Until, of course, its hockey playoff season or a Canada vs USA gold-medal Olympic hockey game. Then we’re a nation of outright hooligans 🙂
Eric Dustin Brown (USA-Midatlantic)
I’ve spent most of my time judging in the Midatlantic and over the years I have watched our region be consistently excellent at tournament operations. We’re very lucky to have the SCG Tour and a high volume of stores, giving lots of opportunities to our judges to learn from others. We currently have 5 Grand Prix Head Judges calling the Mid-Atlantic home, along with a former Grand Prix and Pro Tour Head Judge. These judges are working events at the highest level, as a result they are able to bring their experience and expertise back home to the region. By educating our new tournament judges on best practices we can continue to build an even stronger base of events judges in our future.
Hans Wang (Greater China)
Within the program, I’d say Community; but if speaking more broadly, I’d say Passion. It’s kind of the both sides of one thing: Without passion, we won’t be able to build our community; Without community, there’s no way we can keep our passion.

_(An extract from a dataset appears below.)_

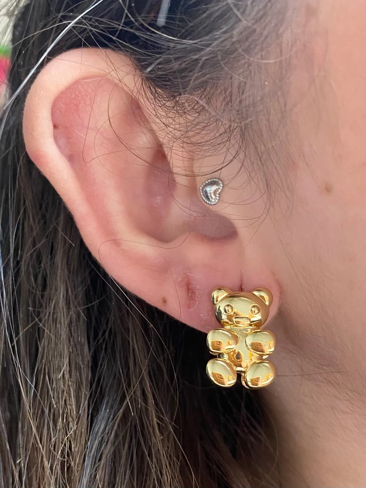 Esse brinco é pra quem ama a moda com significado. Um toque de infância, carinho e estilo — tudo em uma peça só. Usa com cabelo preso e deixa o urso brilhar!

While we don’t have that many big events (GPs or Opens) in our region, all the judges treasures every chance they can join a event, no matter it’s a Grand Prix with more than 1000 players, or a local event barely get eight players. They focus on their task, try to squeeze any experience out from the interaction with players, the philosophy of every judge call they answer, or the process of the tournament organizing. They are thirsty to anything they can get from being a judge, and that supports the fantastic community we have.
We discuss ruling and policies, we learn from others for running events; We share all the wonderful things in our daily life, and of course, encourage others when things are not going that well. We fly thousands miles for a judge conference, or take already-not-enough days-off to join other judges’ big life events. This is my community. It’s not only about Magic: The Gathering, it’s not only about judges, it’s about friends, it’s about sisterhood and brotherhood. And that’s what my region stands out in the program.
Johanna Virtanen (Europe-North)
I’m very proud of the way our region has come together as a community and developed our own identity, despite the fact that we are eight separate countries with more than eight official languages. All North has come to embrace the Tarpan as our regional symbol – we are faithful and true.